After contracting twice this fiscal so far, industrial output is expected to fall again in January by 3.5 per cent due to sharp reduction in external orders and the dramatic slowdown in the domestic economy, according to Moody's.
"In January, output is likely continue to contract on a year-ago basis. A Y-o-Y decline of about 3.5 per cent is projected," Moody's economy.com economist Sherman Chan told PTI, adding that due to tumble in external orders and the dramatic slowdown of the domestic economy, the downward trend of index of industrial production (IIP) is expected to continue through 2009.
Similarly, economic think-tank ICRIER Director Rajiv Kumar said: "I expect industrial output in January to be in a negative territory of 2 per cent due to weak performance of auto, commercial vehicles and power sector."
The IIP data would be released on March 12 for the period of January 2009.

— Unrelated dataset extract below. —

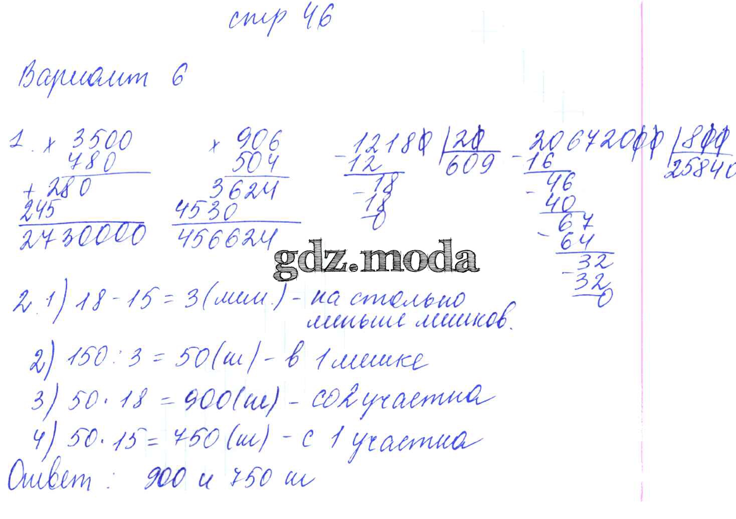 ГДЗ решение к заданию № 46 Математика 4 класс контрольные работы Рудницкая В.Н. (к уч. Моро) Экзамен 2014 Часть 1, Часть 2 ФГОС бесплатно на гдз.мода!

After contracting for the first time in 15 years in October, industrial production crashed by two per cent in December despite a stimulus package announced by the government.
Crisil Principal Economist D K Joshi said the industrial output growth will be close to zero due to slackening demand and fall in export.
Joshi said, "I expect industrial production number to be at 0.2 per cent for January."
However, Prime Minister's Economic Advisory Council Chairman Suresh Tendulkar expressed hope that there would be some improvement in the IIP numbers in January.
"The steel, coal seems to be optimistic. There will be some improvement," he added.
To spur the economy, the government came out with two stimulus packages in December and January, which include excise duty reduction and various incentives across the sectors.
Since October, RBI also has infused over Rs 4,00,000 crore by reducing ratios and short-term borrowing and lending rates.
However, in spite of these measures, exports declined by 15.9 per cent in January.
Due to negative growth in manufacturing and agriculture, Indian economy grew by just 5.3 per cent, the slowest pace of any quarter in five years.